In 1635 Patriarch Grigor Kesaratsi (Gregory of Caesarea) was buried at the wall of the church by Shahin Çelebi, a wealthy Armenian.

The church was often damaged by fires. It survived the Galata fire of 1660. It burned almost entirely in 1731 and was restored in 1733 by Sargis Khalfa, during the tenure of the Patriarch Hovhannes Golod. The church was again burned almost completely in 1771. It was restored 28 years later, in 1799 by the architect Minas Khalfa who added the chapel of Surb Karapet ("Holy Precursor", i.e. John the Baptist). In 1888 the church and the two chapels joined and turned into one when the interior walls were taken down.

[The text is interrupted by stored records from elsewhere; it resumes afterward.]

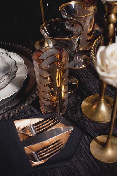 Below are some pics of the linens, chargers, and flatware we provided for the wedding. For the full post, click here.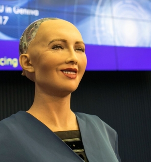 Slika: Sophia, proizvod komapnije Hanson Robotics, govori na svjetskoj konferenciji AI for Good u…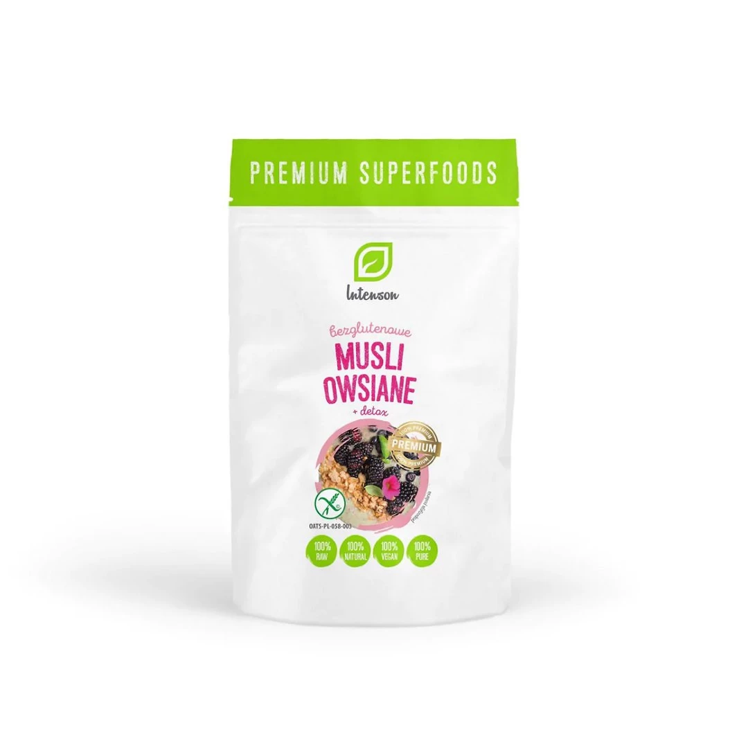 Intenson Musli bezglutenowe + Detox to wysokiej jakości produkt, który zawiera mieszankę płatków owsianych, owoców i ziaren. Stanowi doskonałą propozycję na chrupiącą przekąskę lub jako dodatek do mleka czy jogurtu. Ma w pełni naturalny skład, wolny od glutenu i produktów pochodzenia zwierzęcego, dlatego będzie odpowiedni dla wegan i wegetarian.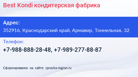 Best Kondi, кондитерская фабрика по адресу 352916, Краснодарский край, Армавир, Тоннельная, 32 в дальнейшем Организация, размещена в следующих категориях: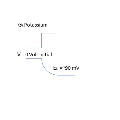 - Ek+ is the reversal potential of Potassium (from the Equilibrium Table) -97 mV)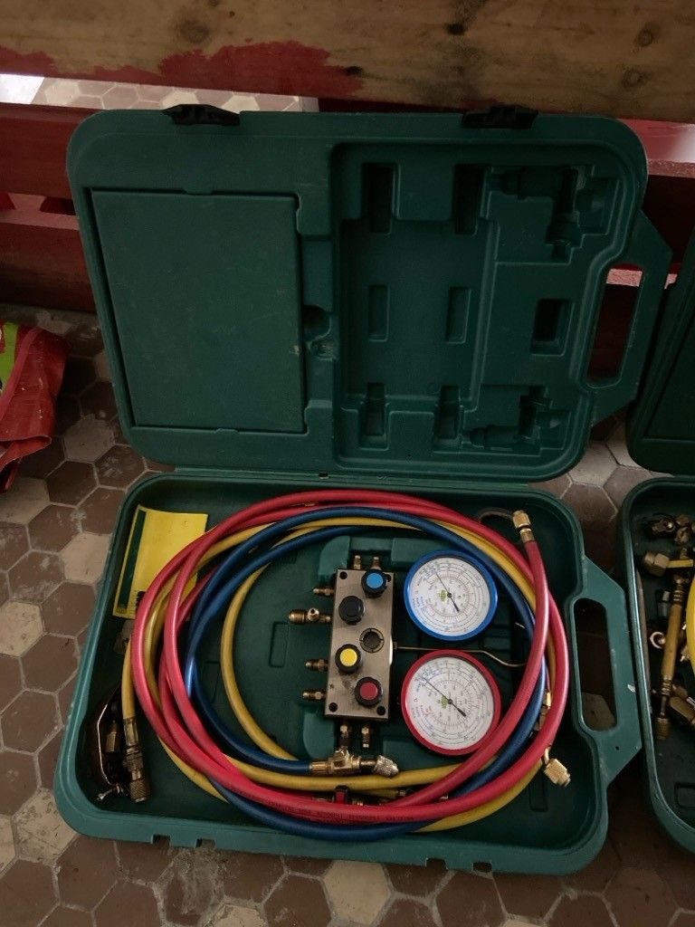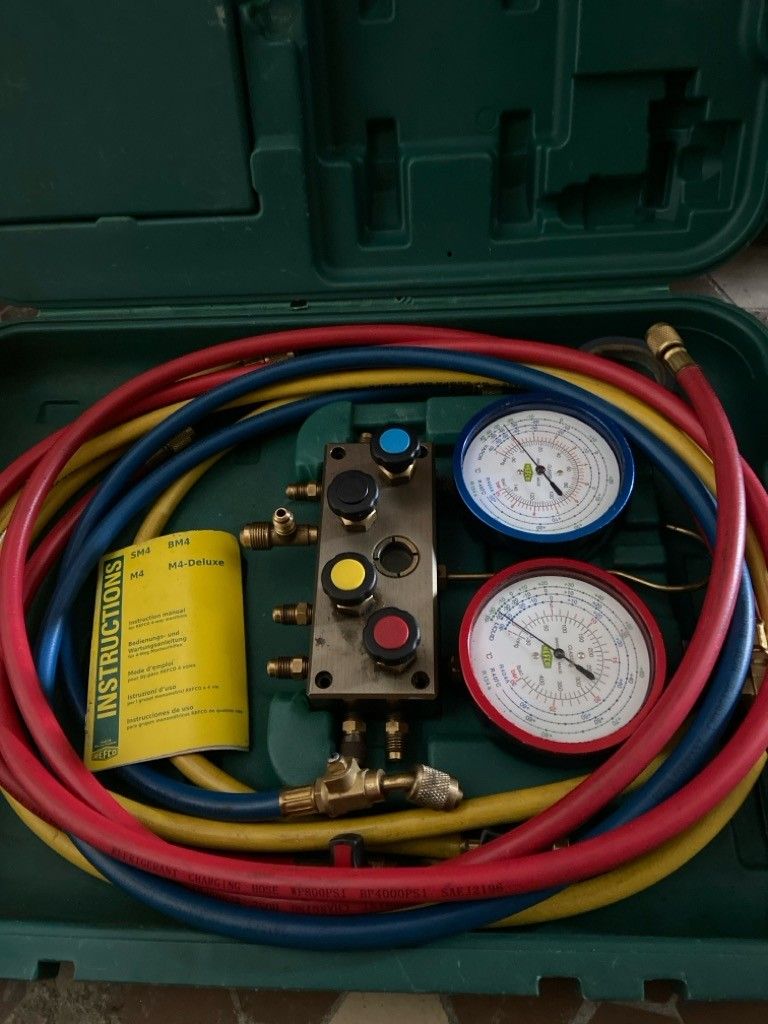 REFCO 4-way refrigeration charging station with pressure gauges and hoses, in carrying case.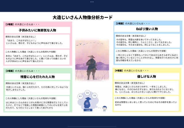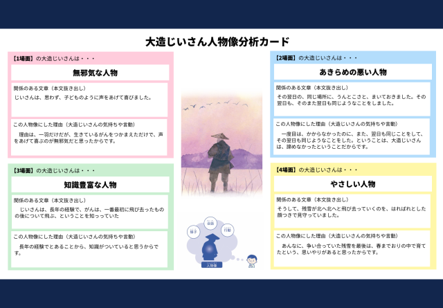 これは物語教材の「大造じいさんとがん」の登場人物、大造じいさんの人物像を深めることをめあてにした取り組みです。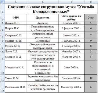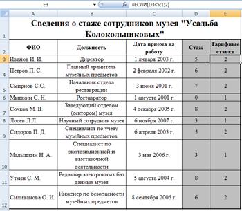 3. Переименовать Лист1 в Сведения о стаже сотрудников

The crypt of Hovhannes Golod (d. 1741), located under the church, is decorated with black-and-white Kütahya and Dutch tiles. The original church, richly decorated with tiles, included French, Italian, Chinese porcelain, and Tunisian tiles. They were probably added during an 18th-century restoration.

The church was visited and described by European visitors such as Antoine Galland (1672), Joseph Pitton de Tournefort (early 1700s), and William Holden Hutton (c. 1900). The latter wrote that it "contains some fine [manuscripts] and a sacred picture of Christ, of great antiquity."

In 1879 Malachia Ormanian, the future Armenian Patriarch of Constantinople and a historian, served as a priest at the church early in his life.

===Demolition and reconstruction===
The church was expropriated by the state and demolished in May 1958 to widen the street as part of large-scale reconstruction in Istanbul in the Adnan Menderes period. In 1962 architect Bedros Zobyan designed a reconstruction plan for the church. It was completed in four years due to financial difficulties. The church was reconsecrated in 1965, but the official opening ceremony took place on May 15, 1966 and was presided over by Patriarch Shenork I Kaloustian. The new church is almost half as wide as the original, measuring 11.7 by 29.25 m. Due to the limited space allocated for the church, a basement was built to house the chapel and the grave of Hovhannes Golod (below the bell tower) and a balcony for the choir.

The church underwent renovations in 2005 and 2011.